こうやってこちらの意見を尊重した上で、共同イベントを提案してもらえるのはとてもありがたい。
勝手に決めつけられたら、正直言って困るからなぁ。こういうイベントをやって欲しいというのを押し付けられるのも面白くないし。
「俺は料理に纏わるイベントにはしたいですね。料理を作るのは好きなので」
俺個人としてみれば、料理を作ったりするイベントの方が楽しいなと思っている。
料理を作ることと、その料理を美味しいと言ってもらえるとそれだけでも嬉しい。
「ネノはどう思う?」
隣に座るネノへと問いかければ、ネノは楽しそうに笑っている。
「私も、それありだと思う。私のレオが凄いっていうのを沢山示せたら嬉しいなって思う」
「俺もネノの凄さとか、俺にとっての自慢の奥さんなんだよって示せたらって思う。ネノの凄さを示すだとやっぱり可愛さとか、その魔法の腕とかかなぁ」
俺のネノは世界で一番可愛くて、そして強い。
「レオが共同で宿屋の人と料理作る。それで私は魔法を見せつけるとかいいかも」
「それもありだな」
俺達がそんな風に会話を交わしていると、宿屋の店主たちは目を輝かせている。
「それは素晴らしいかと思います。折角なのでこの街で有名な魔法使いたちも招集して、一緒に行う形にしてもいいでしょうか?」
「ん。いいよ」
ネノがそう言って頷くと、彼らは嬉しそうに笑っている。
俺とネノと一緒に共同イベントを行うことをこれだけ嬉しそうにされると、俺も嬉しいなとは思った。それにしてもこの街の有名な魔法使いってどのくらい魔法を使えるんだろうか? 俺やネノは魔法を日常的に使っているけれど、魔法についての専門家であるわけではない。

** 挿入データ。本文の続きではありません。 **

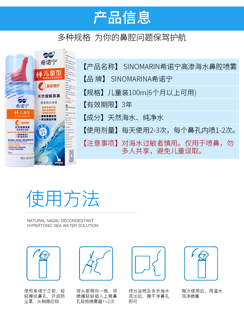 | 注意事项 | 1.幼儿及儿童使用时需有成人帮助(小孩使用时,喷嘴不需伸进鼻孔)。 2.六个月以下婴儿使用遵医嘱。 3.为避免污染,开封后应尽快使用。 |

それこそ魔の申し子と呼ばれているジュデオンさんの方が詳しいと思う。この街の魔法使いだって俺達の知らない魔法や魔法の使い方に対する気づきなどを学ぶ機会になるかもしれないのだ。
「魔法使い、何人ぐらい来るの? どんなことする?」
「そうですね……。『勇者』様と一緒に魔法をお披露目したいと思っている魔法使いは多くいますから、まずは厳選をすることからですね」
「この街、魔法、使える人多い?」
「それなりの数ですね。少しでも魔法が使えるというだけでも『勇者』様と一緒に魔法を披露したがるでしょうし」
「それでもいい」
ネノはこの共同イベントをとても楽しみにしているのだろう。表情自体はいつも通りあまり変わらないけれど、やる気満々な様子である。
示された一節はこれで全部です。